Brenner reply to doug henwood

Tom Lehman uswa12 at lorainccc.edu
Fri Nov 20 08:16:04 PST 1998


Dear LBOers,

Josh, James K. Galbraith in his semi textbook Created Unequal discusses various ways to manage Keyensian economic policies. It maybe that knowing about Keyensian economic policy is one thing and managing Keyensian economic policy is another can of worms. It's sort of like knowing about a car and driving a car. Although, your much better off knowing about it before you drive it. That doesn't necessarily guarantee it's going to be a smooth ride.

Following along with the above analogy, Mike Perelman has brought up a very topical road hazard. Sort of like roofing nails in the road. There are tons of them being dumped in the road today. At what point does competiton become counter productive and in what segments of the economy. Hey, Mike what's an autographed copy going to cost me?
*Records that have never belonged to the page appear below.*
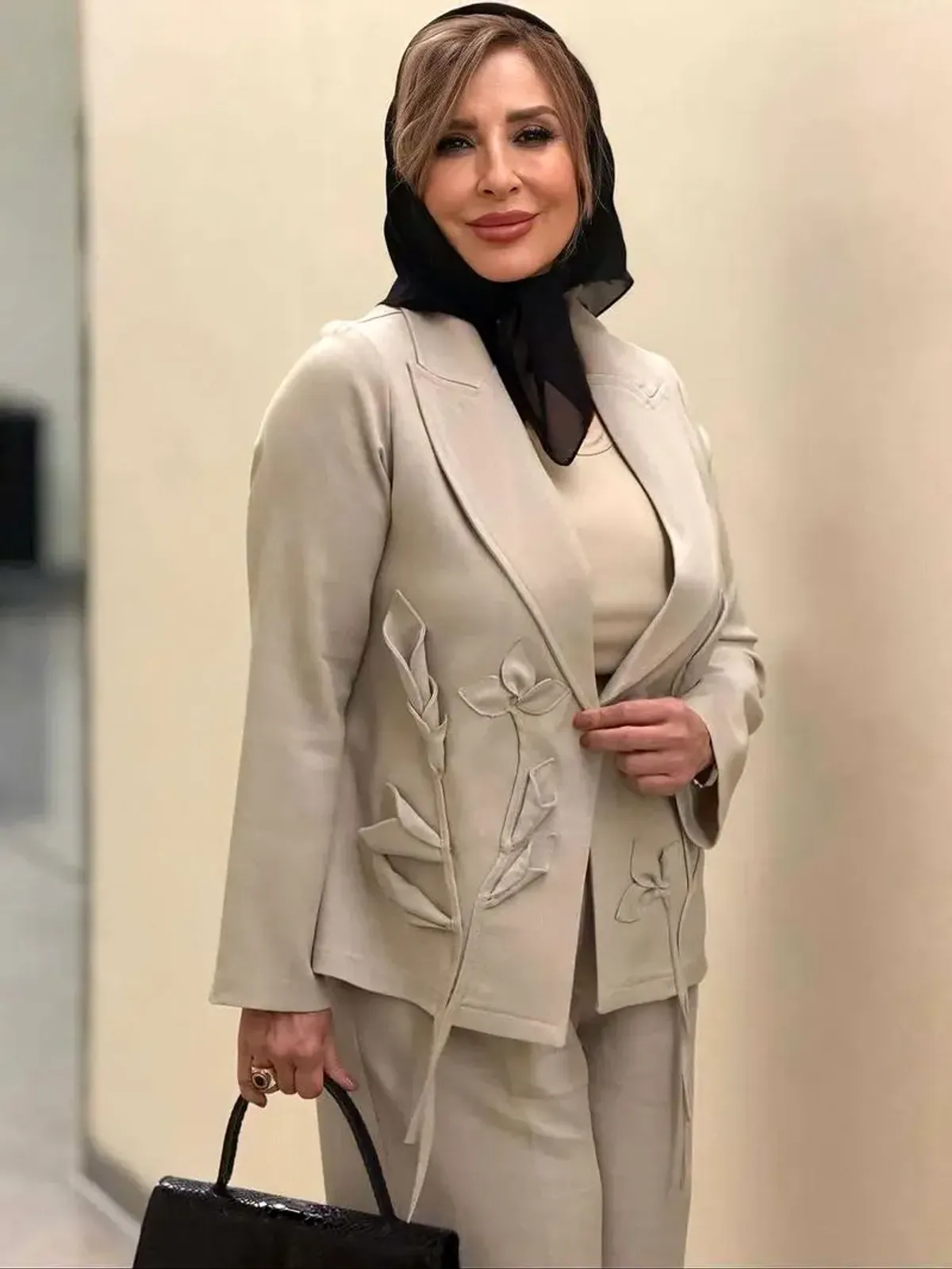 مرجانه گلچین، بازیگر پیشکسوت سینما، در کنسرت احسان نیزن با یک استایل رسمی و خاص حضور یافت. او کت و شلوار بژ رنگی با تکهدوزیهای هنری به شکل گل را با کیف پوستماری مشکی ست کرده بود.
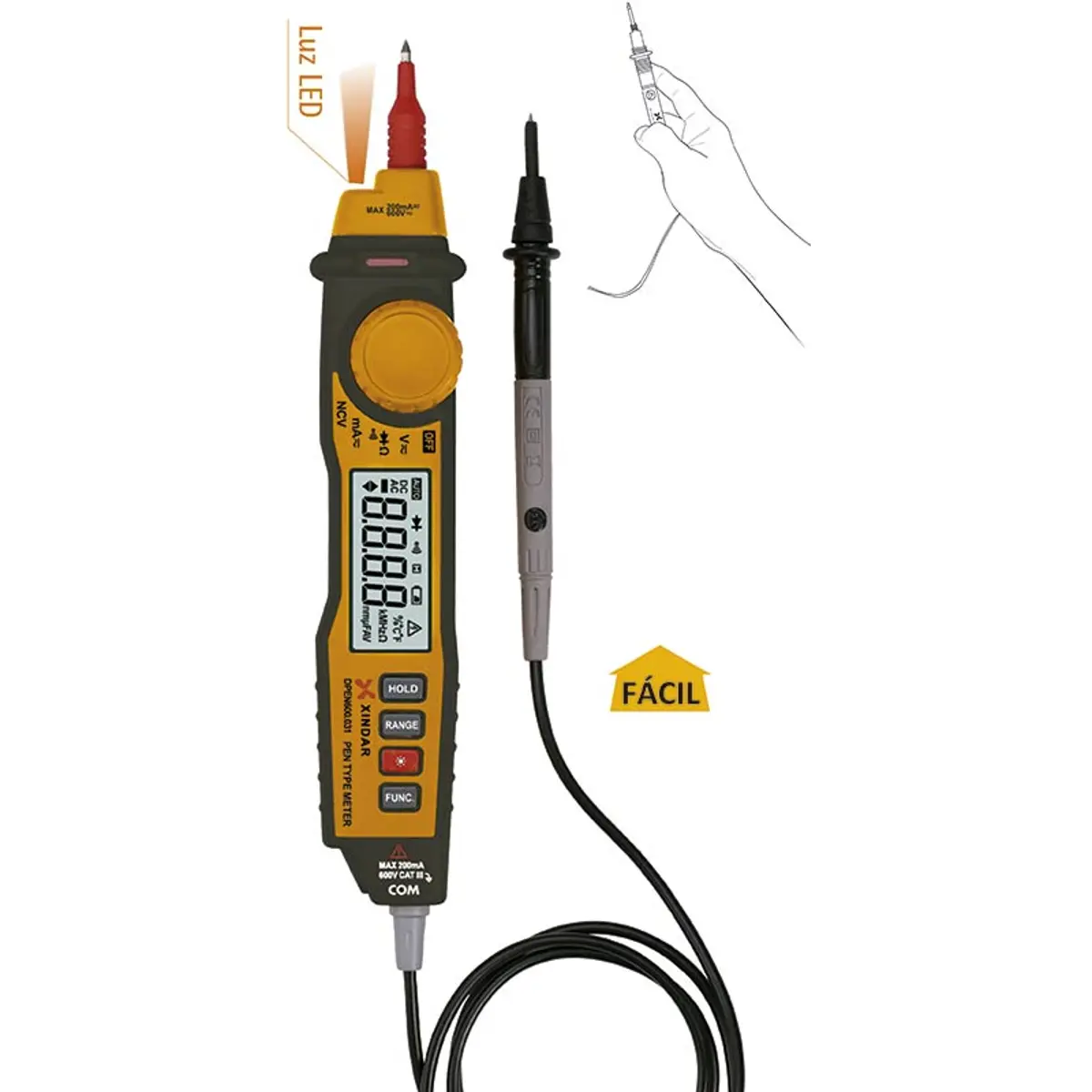 Xindar DPEN600.31 - Multímetro digital tipo caneta (600Vac/dc 200mAac/dc 20MΩ NCV)
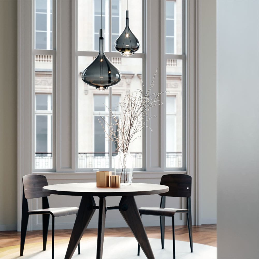 In Sky–Fall, traditional glass processing techniques embrace the most advanced LED technologies. Designed by Studio Italia Design and produced by the Lodes brand, the shape of Sky–Fall excites by recalling ancient decanters in precious blown glass. Its function amazes thanks to the innovative double LED source which diffuses direct and indirect light. Available in two sizes and four finishes, and in versions with a color temperature of 2700 K or 3000 K*, Sky–Fall furnishes both when turned on and off. The new Sky–Fall Round is now added to the family: a further variant that features a spherical shaped diffuser available in two sizes and four finishes, including the new and precious golden sage. The new finish also extends to Sky-Fall in both sizes.
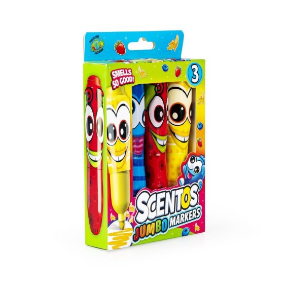 Wesołe buźki i pachnąca zawartość! Zestaw trzech grubych markerów zapewni podwójną przyjemność z pisania i rysowania. Markery różnią się zarówno kolorem, buźką, jak i zapachem. Każdy z nich nawiązuje do zapachu innego owocu.
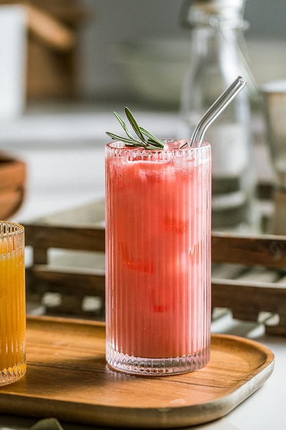 - 【Vintage Origami Style】: Our ribbed drinking glasses feature with straight ribbed textures on the surface. Designed in special vintage origami style, with an european retro flavor. The elegant cylindrical shape is comfortable to grip and ideal to preserve beverages' crispness for a fresh taste every time
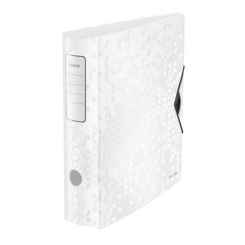 Iratrendező, 82 mm, A4, PP, LEITZ 180 Active Wow, fehér - innovatív iratrendező vibráló WOW színekben fényes, laminált felülettel - könnyű alapanyag és ergonómikus formatervezés a dokumentumok egyszerű kezelése érdekében az irodában és irodán kívül -
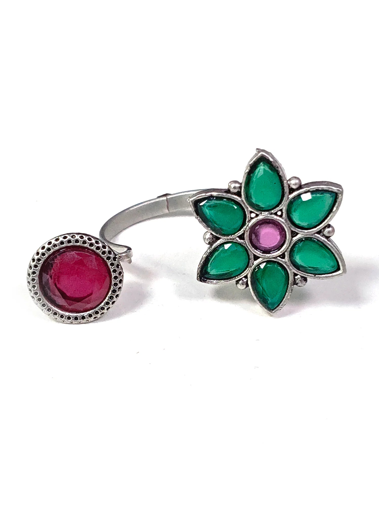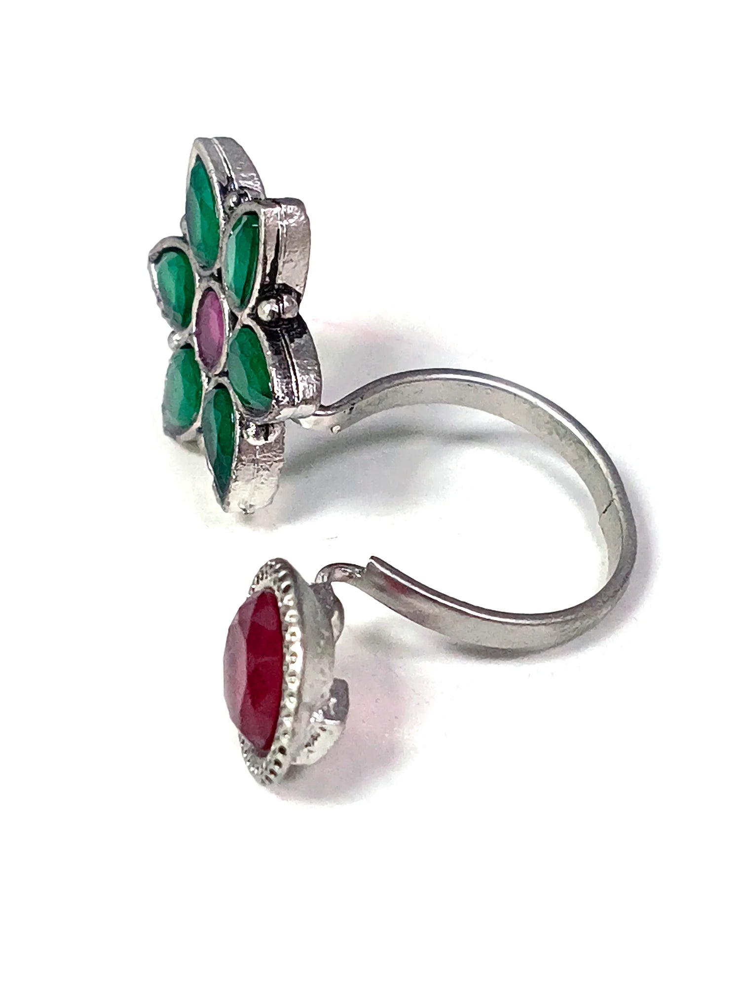 Rings :This rhodium-plated adjustable finger ring features a striking floral design studded dazzling green & red zirconia, offering an opulent and luxurious appeal.
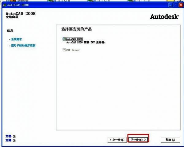 第五步:选择安装AutoCAD2008,勾选auto CAD 2008点击下一步继续。
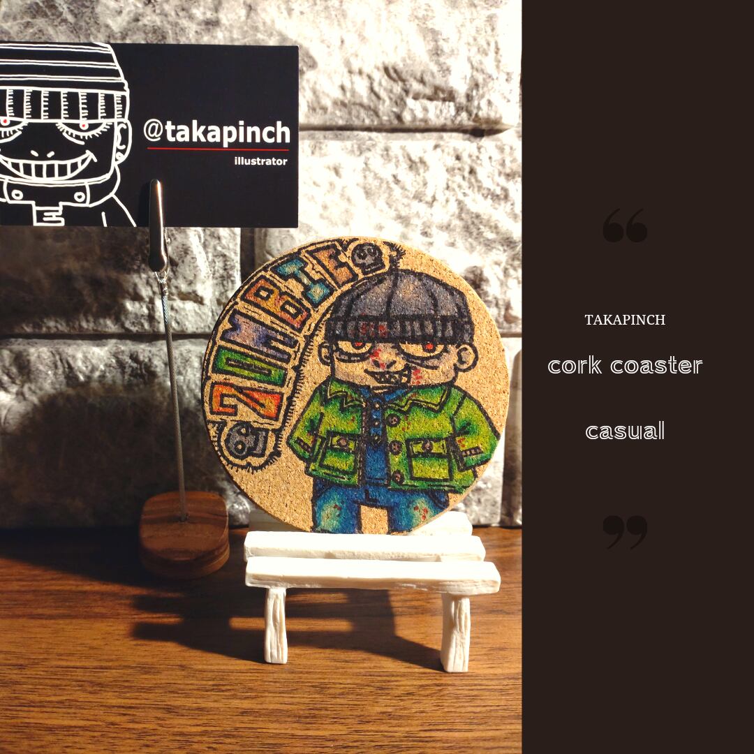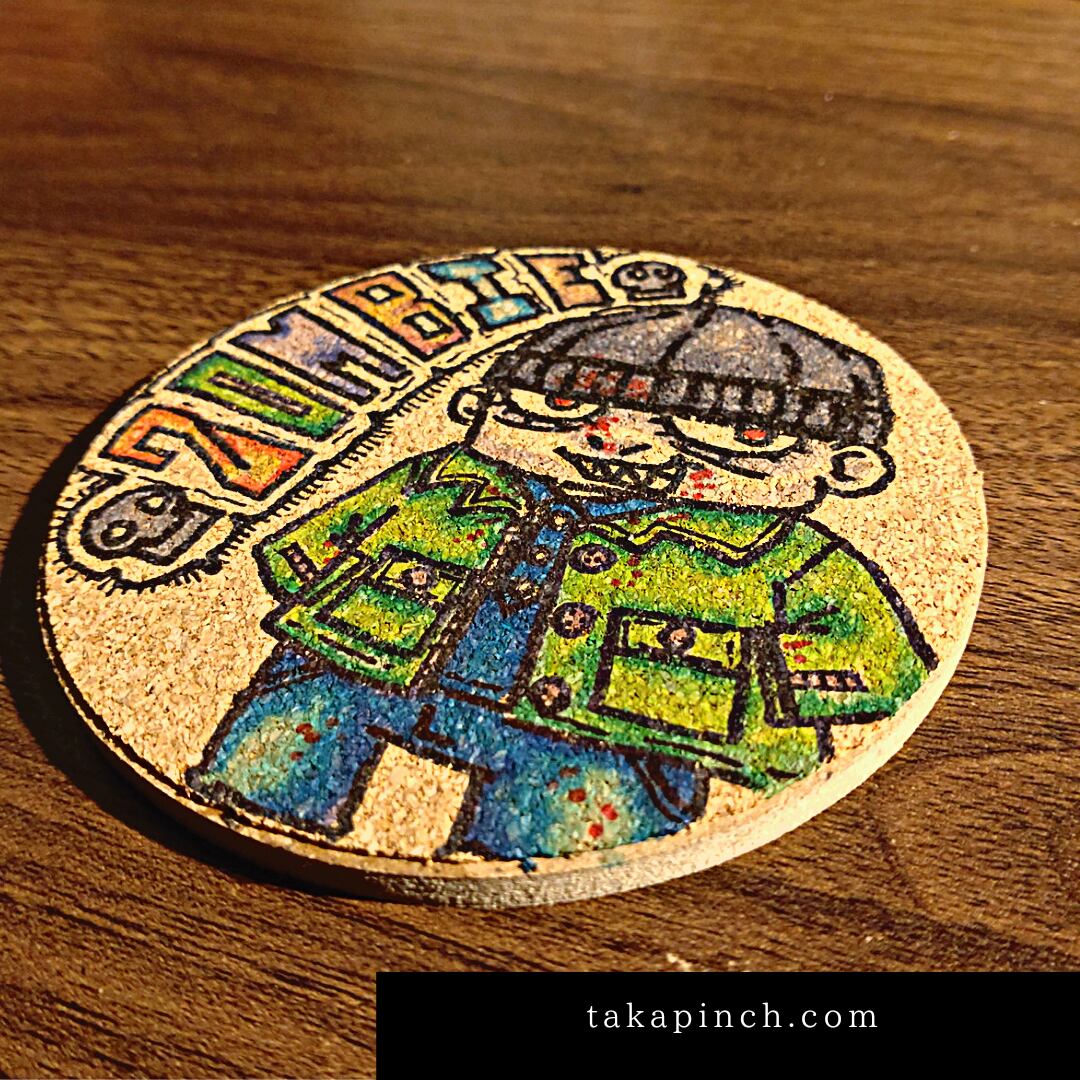 #イラスト #コースター #コースターイラスト #手描きイラスト #オリジナルイラスト #コルクコースター #コルクコースターに描いてみた #ZOMBIE #ゾンビ #takapinch
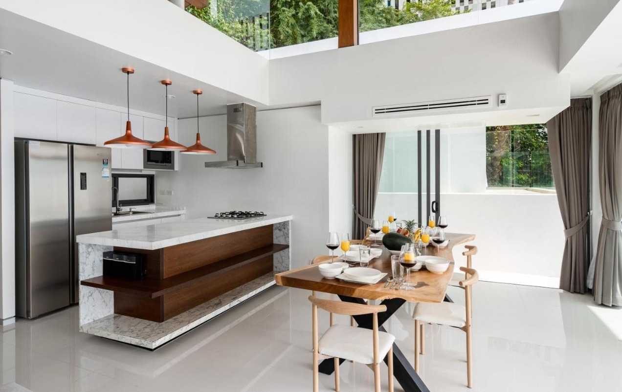 The villa’s design emphasizes seamless indoor-outdoor luxury. The heart of the home is a spacious, open-plan living and dining area that flows effortlessly into a modern, fully equipped Western kitchen.

Then there's the economics of road-kill, but, I'll leave that for another post.

Sincerely, Tom L.

joshua william mason wrote:


> I feel churlish persisting in this argument because I've barely begun to
> read the various books you've reccomended. This weekend I'm heading to
> Labyrinth and the Columbia library...
>
> On Thu, 19 Nov 1998, Rakesh Bhandari wrote:
>
> > Quite the opposite. Brenner is arguing that terminating Keynesian
> > stabilization may well work to revive growth. Brenner is blaming Keynesian
> > stabilization for "insufficient adjustment to manufacturing overcapacity,
> > market by insufficient exit and too much entry."
>
> Obviously I wasn't clear; this is exactly the argument I was attributing
> to Brenner. But I don't get it: can't Keynesian policies *change* the
> amount of exit and entry required? Why isn't it possible to expand demand
> to the point where all existing manufacturing capacity can be profitably
> employed? The issue here is that Brenner doesn't offer a good answer to
> this question, not that there isn't one. Michael Perelman's very
> interesting piece here (when's the book coming out?) offered one
> possibility--but one that you won't find in Brenner's essay, in part
> because competition as half the competition-monopoly dyad doesn't exist
> there.
>
> Greg Nowell has been making these same points better than I'm likely to.